The growing autonomous vehicle fleet, together with countless truck and passenger vehicle fleets on the road now, will be instrumental in passively — read: inexpensively — gathering timely, precise and local data that is so essential to better roads. With success, the centuries-old process of manual inspection will be replaced with more cost-effective methods for monitoring roads. While admittedly more technical solutions are available for assessing road surfaces, including inspection vehicles that use combinations of RADAR, high-definition cameras and LiDAR, these methods often come at a steep cost in terms of money and labor, a cost that dramatically limits the frequency of use and, for smaller municipalities, the affordability.

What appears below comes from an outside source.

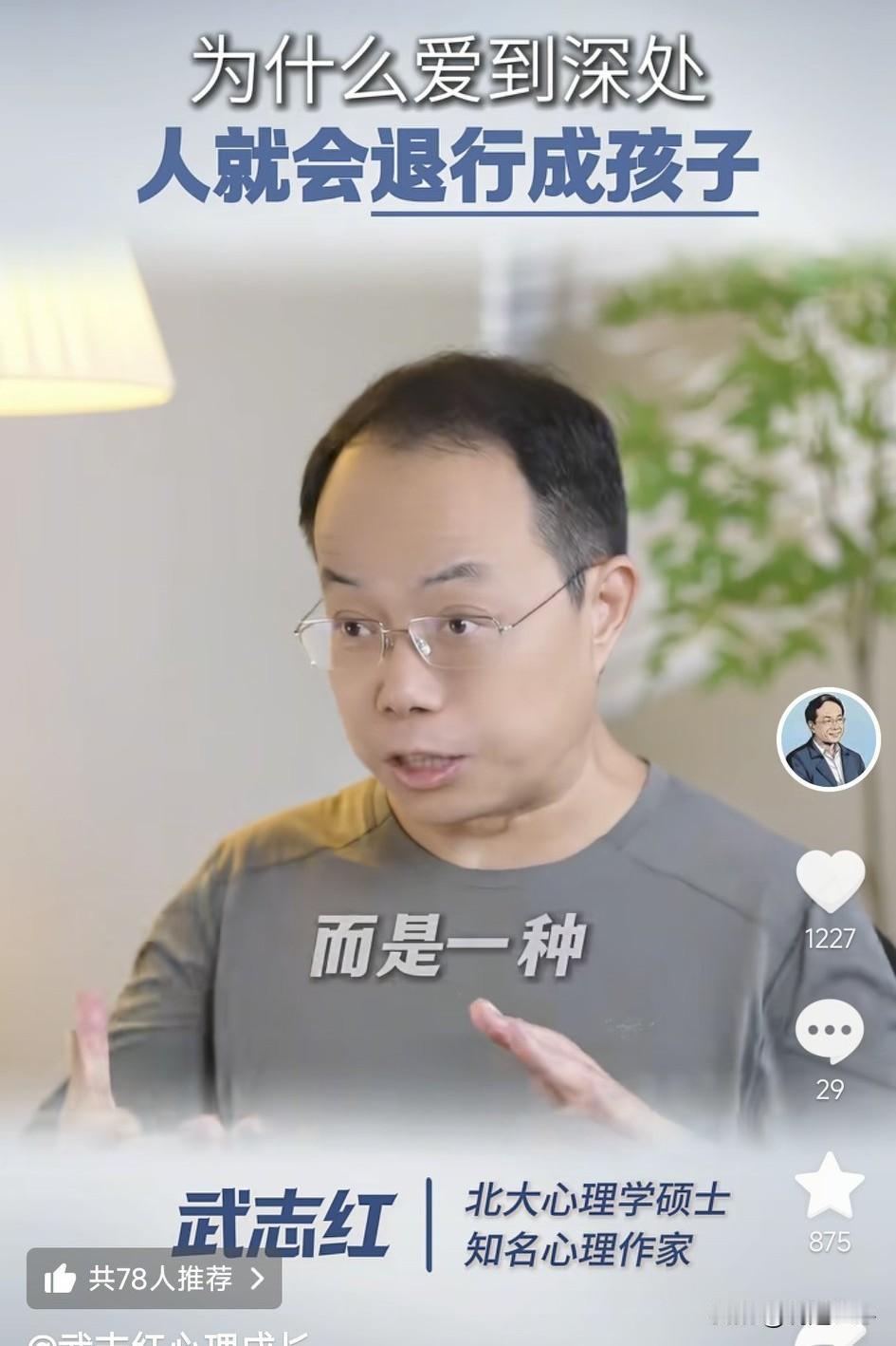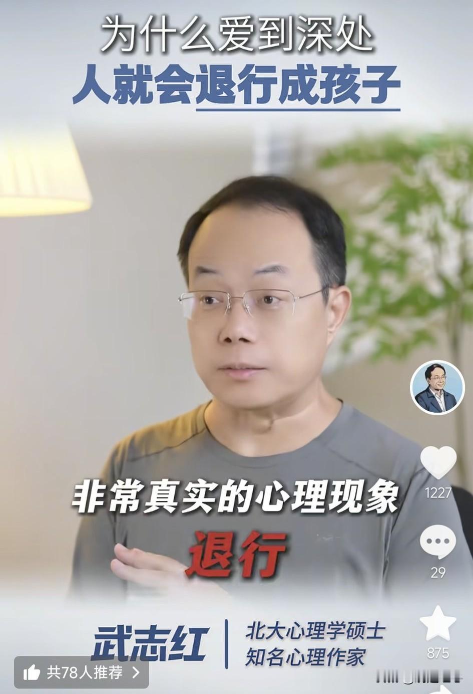 知名心理作家武志红:如果你来自一个否定、忽视、控制的家庭,我们恋爱的感觉,往往是委屈、愤怒,于是一个残酷的循环出现了,你越亲密关系越容易崩。 很多人不知道一件事:恋爱到深处人真的会变成孩子,不是幼稚,不是作,而是一种非常真实的心理现象叫退行。 你有没有发现一旦真的爱上一个人,你会突然变得敏感、依赖、情绪起伏,开始害怕失去、害怕被冷落,在意一些你明明早就该看开的事,这不是你变差了,而是一个事实,你终于不再防御了,只有在感到安全的时候人才敢退回到自己最早受过伤的地方。 所以谈恋爱从来不只是谈现在这个人,在更深的心理层面你其实是在无意识里把亲密关系当成一次自救,你在等一个人懂你、包容你、不嫌你麻烦,说的再直接一点你在等一个理想的父母,问题也恰恰出在这里。 武志红指出,我们不是故意搞砸关系,你只是把那个从小没被好好对待的自己带进了爱情里。很多人一遍遍爱错人、选错人,不是不长记性,而是在用重复试图完成一次迟到的治疗。但真相是恋人不是治疗师,爱情也不是心理治疗。走出这种循环靠的从来不是换一个更好的人,而是回到源头修复那套在原生家庭里形成的心理结构。 如果你在这段话里看到的不是道理,而是你自己的关系经历,那你该修复的从来不是爱情,而是你自己。 我觉得武志红说的非常对,就是你在那个人面前,不经意间就变回了孩子。 不知你有没有这样的体验,和某个人相处得越久,越容易流露出孩子般的脾气。那些被岁月掩埋的、最本真的快乐自我,会悄然苏醒。这并非刻意为之,而是内心自然而然的回归。 所以,当你发现自己突然变得格外开心,愿意毫无保留地敞开内心,这或许就是一个重要信号:你遇见了对的人。 大家觉得呢?

RoadBotics takes the view that still-better-than-good-enough data fidelity, extreme ease of use and vanishingly small implementation cost makes for a powerful tool for roadway managers to use in maintaining a high road surface and roadway quality. "It's cutting-edge technology. This has brought us up to the next level," said Richard Albert, director of public works in North Huntingdon, Pennsylvania. 

Still-better-than-good-enough data fidelity, extreme ease of use and vanishingly small implementation cost makes for a powerful tool in maintaining a high road surface and roadway quality.
The RoadBotics approach takes advantage of what is readily available, which includes a smartphone, a smartphone app and a windshield to collect the data. Once the data is collected and sent to the cloud, the data is analyzed using advanced AI technology. RoadBotics then outputs the resulting information on the location, size and type of damage for any defect identified and is reported to a city on an overhead map, using color-coded markers to superficially present the presence and degree of road damage.

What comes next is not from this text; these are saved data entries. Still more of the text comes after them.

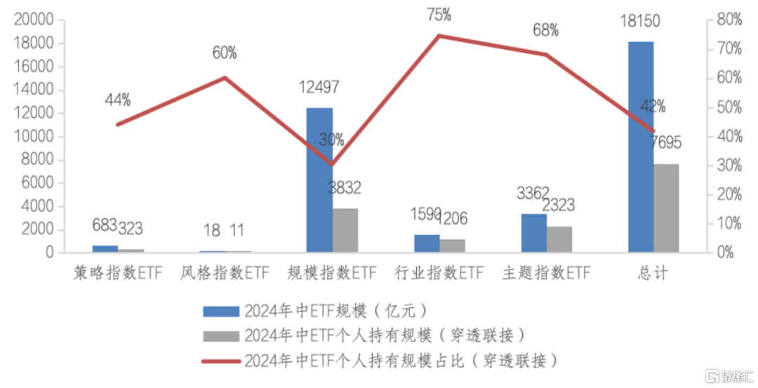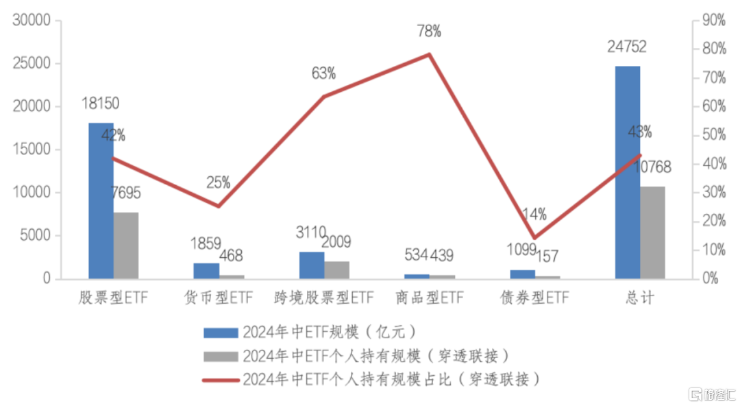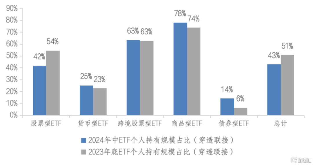 图表2 不同类型ETF的个人投资者持有情况(穿透联接)
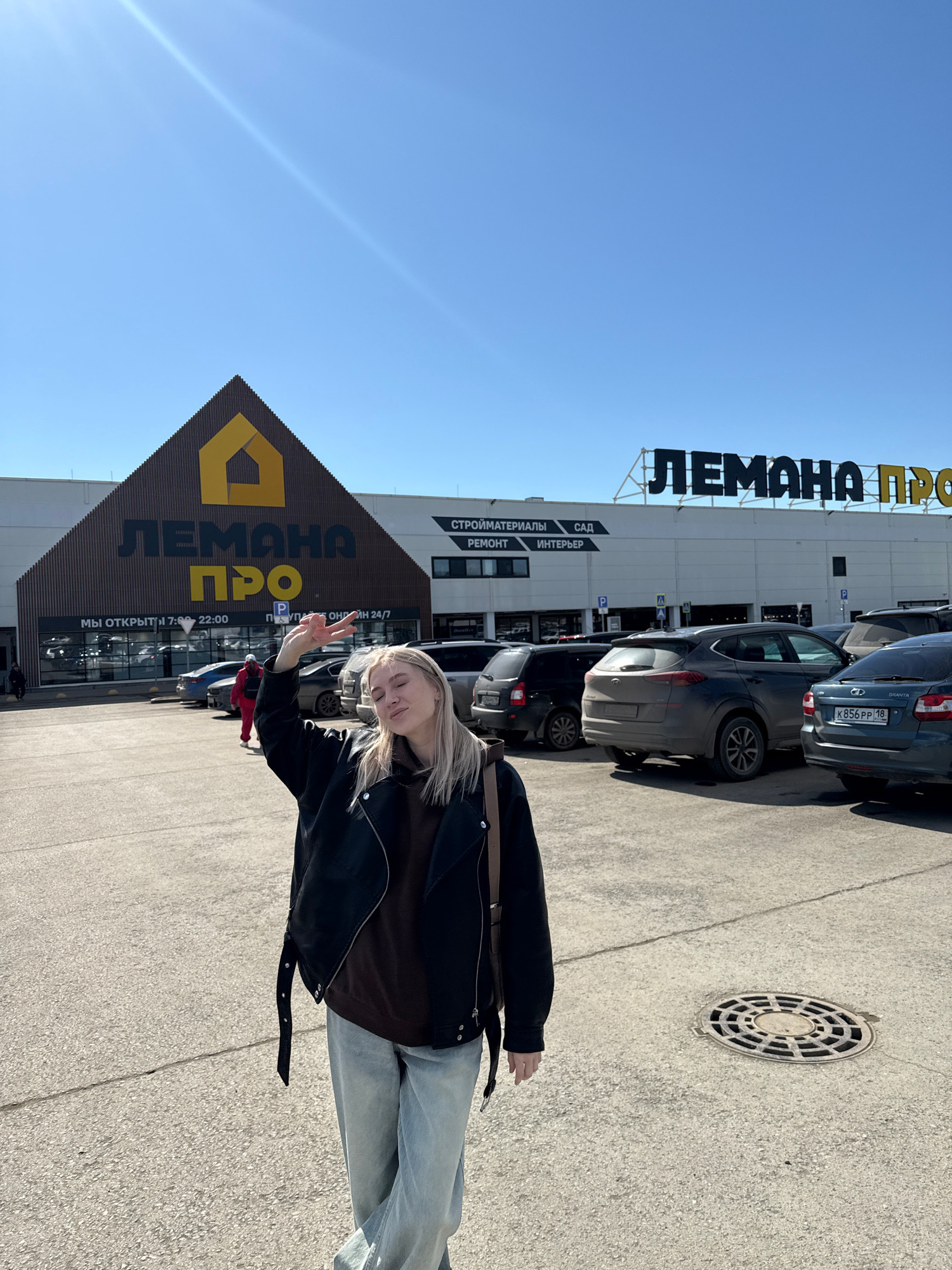 A woman is standing in front of a building materials store called "Лемана ПРО" in Izhevsk, Russia. She is wearing a black jacket, brown shirt, and light blue jeans. She is holding up two fingers in a…read more
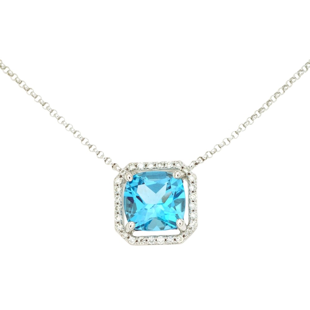 A cushion-cut blue topaz glows with a clear, refreshing brilliance, its facets catching the light with every subtle movement. A delicate halo of diamonds surrounds the center stone, adding crisp sparkle that enhances the vivid blue beneath. The clean, angular frame gives the piece a modern edge, while the suspended design allows the topaz to shine with open luminosity. Soft shimmer from the diamonds along the border creates an elegant balance, making this necklace both graceful and eye-catching.
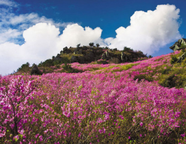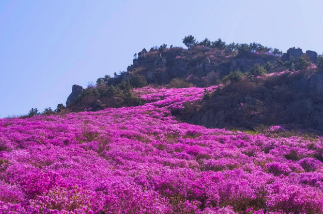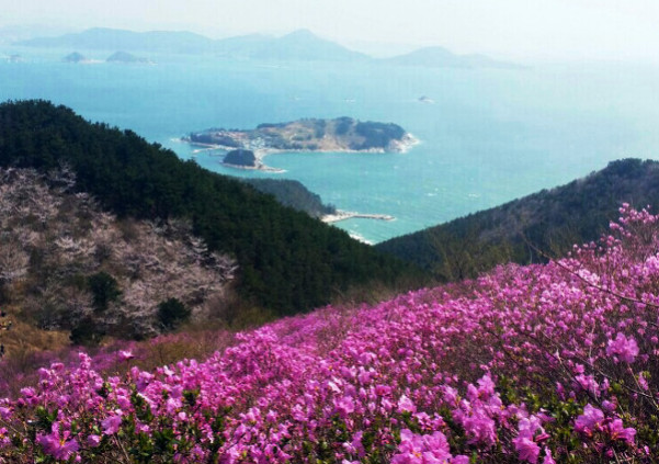 진달래 축제로 유명한 거제도 대금산은 진달래와 벚꽃이 피는 계절에 산행을 하면 산기슭에서 산꼭대기까지 진달래와 벚꽃이 활짝 핀 산이다. 만개. 오르는 길에 진달래꽃 터널도 볼 수 있고 산세가 가파르지 않아 남녀노소 누구나 쉽게 오를 수 있는 좋은 산이다.
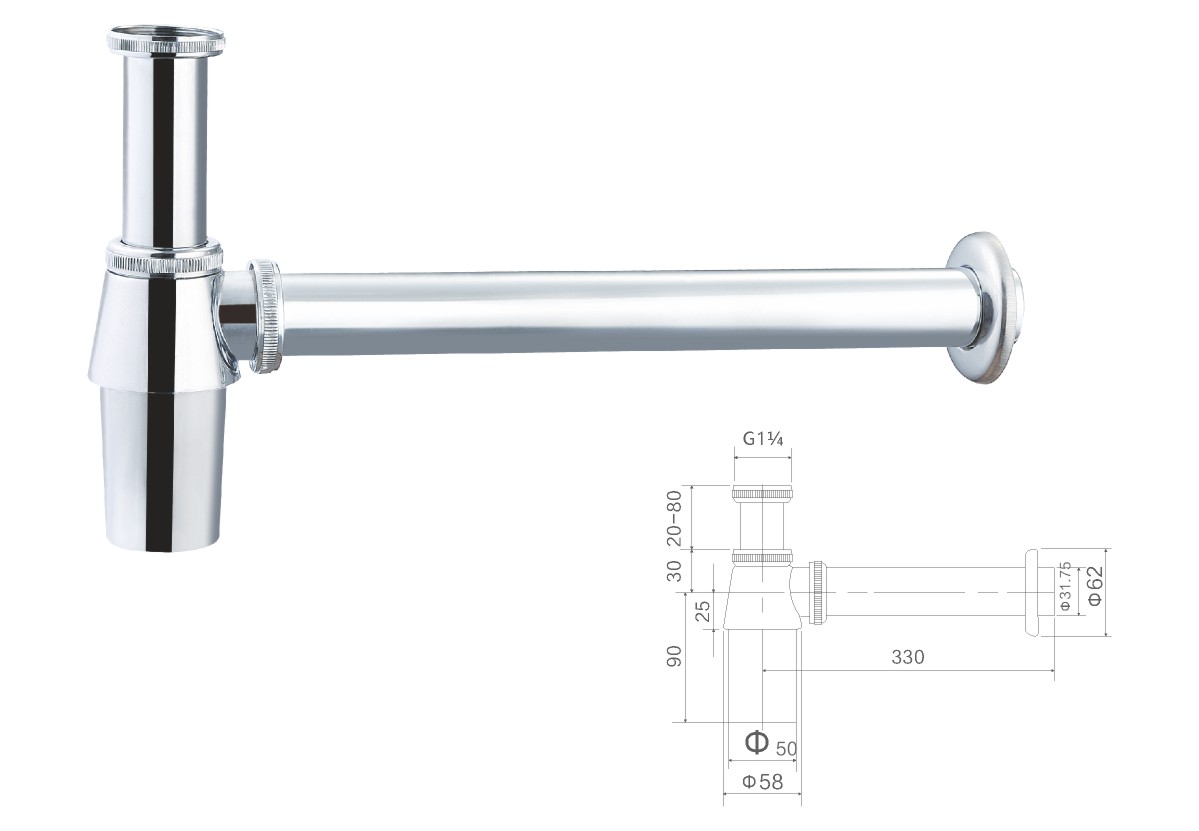 الفولاذ المقاوم للصدأ 304 سيفون 1 1/4بوصة

Users can drill further into the data, represented by map markers, to better understand their numeric evaluation of the defect, view photographic evidence of it and even override ratings, on occasion and as necessary.

AI technology is all around us, including along the road, and as advances and the familiarity with autonomous vehicles grows, any number of opportunities to improve our roadways will emerge. We need only look at roadways as Caesar Augustus did, as one of our most precious assets, worthy of our greatest efforts.